Google's service goes further than other search-engines, however, by also making files in its cache available to searchers in their entirety. A recent report suggests that US courts are increasingly approving not only of the existence of Google's cache, but also of links to items in that cache (von Lohmann 2006). It remains unclear, however, whether the courts will interpret all uses as being permitted, particularly third-party access to the cached file when the original file is accessible (Bercic 2005).
One factor that may be considered by the courts is respect for express denials of consent. Such denials can be found in the 'exclusion clauses' stored in robots.txt files on Web-sites. Google declares that it respects exclusion clauses, and it appears to do so.

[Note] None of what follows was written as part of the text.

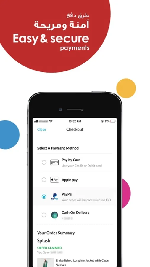Use Visa & MasterCard credit or debit cards, Cash on Delivery, Apple Pay or Shukrans to easily pay for what you love.

Another factor is the availability of opt-out for long-term caching, which may be enough to relieve a search-engine operator of liability for copyright infringement (Olsen 2003). On the other hand, doubts remain (e.g. Steward 2005).
American law has shown itself capable, on at least some occasions, of adapting reasonably quickly, and finding a balance appropriate to new capabilities delivered by new digital technologies. This is predicated, however, on very large dollops of money being available to support the necessary lobbying and to pursue test-cases. And it is not clear that the adaptations will be mirrored in other countries.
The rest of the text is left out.